Why can't Direct Linear Transformation (DLT) provide an optimal camera look?

Question

Why can't Direct Linear Transformation (DLT) provide an optimal camera look?

I read the source code of the solvePnP() function in OpenCV, when the flags parameter uses the default SOLVEPNP_ITERATIVE , it calls cvFindExtrinsicCameraParams2 in which FIRST uses DLT (if we have a non-planar set of 3D points) to initialize the camera pose 6DOF, and CvLevMarq solver to minimize retype error.

My question is: DLT poses the problem as a linear least square problem and solves it using SVD decomposition, this seems like the best solution, why are we still using the Lev-Marq iterative method?

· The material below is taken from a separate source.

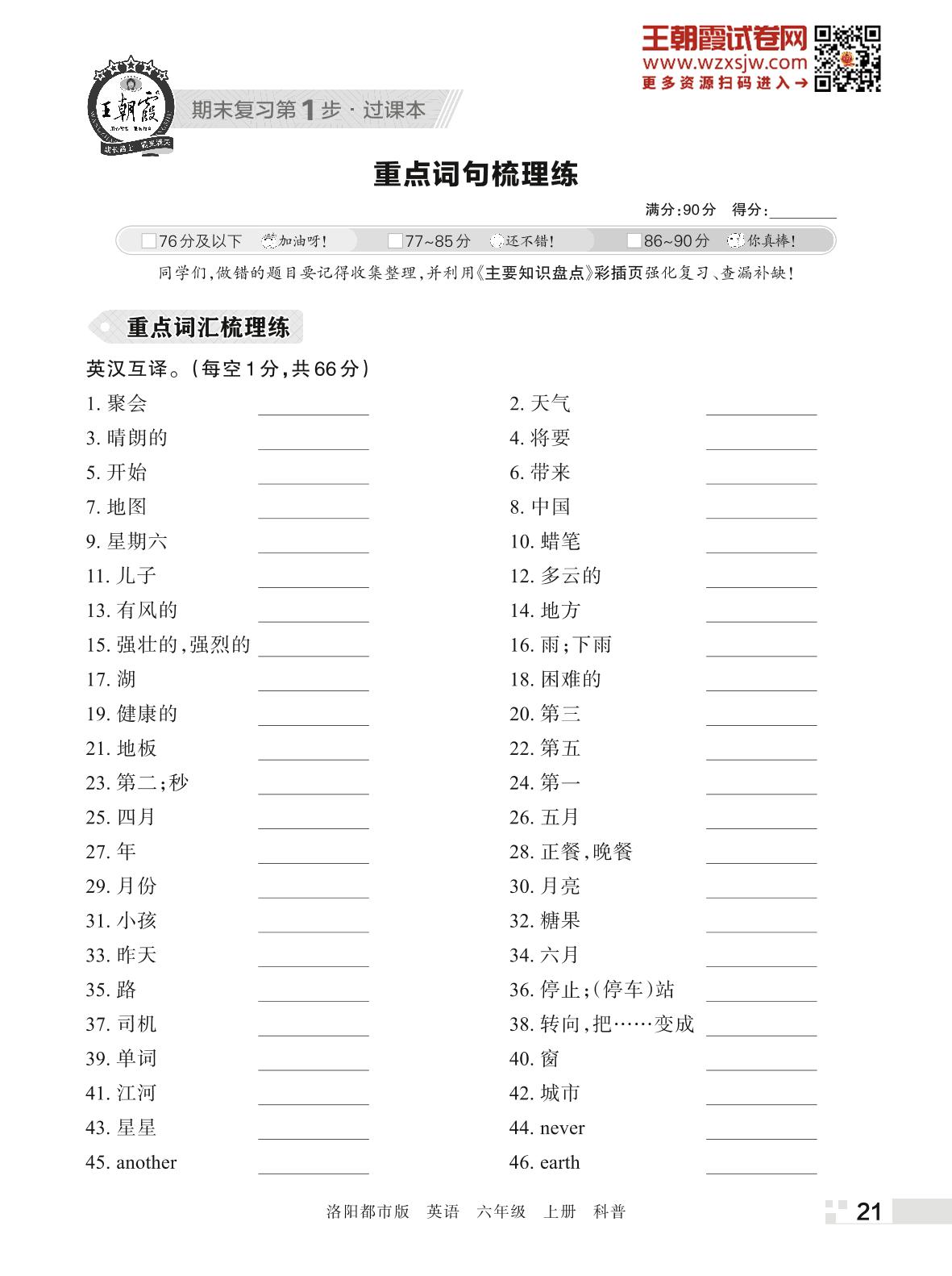 王朝霞期末过课本——重点词句梳理练六年级上册英语(科普版)

Or, is the DLT algorithm problem / limitation worse? Why is a closed form solution minimizing LOCAL for a cost function?

+7

opencv extrinsic-parameters least-squares opencv-solvepnp

zhangxaochen May 07 '17 at 4:27

source share

1 answer

AldurDisciple · Answer 1 · 2017-05-13T14:11:36+0000

When you want to find a solution to a problem, the first step is to express the problem in mathematical terms, and you can use existing mathematical tools to find a solution to your equations. However, interesting problems can usually be expressed in many different mathematical ways, each of which can lead to a slightly different solution. Then, the work of analyzing various methods is performed to understand which of them provides the most stable / accurate / efficient / etc solution.

In the event of a PnP problem, we want the camera to represent the specified associations between the three-dimensional points and the image plane of their projections.

The first way to mathematically express this problem is to use it as a linear least squares problem. This approach is known as the DLT approach, and this is interesting because linear least squares have a closed solution that can be found by expanding a singular value. However, this approach assumes that camera P has 12 degrees of freedom, when in reality it has only 6 (3 for 3D rotation plus 3 for 3D translation). To obtain a 6DOF camera from the result of this approach, an approximation is required (which is not covered by the linear DLT cost function), which leads to an inaccurate solution.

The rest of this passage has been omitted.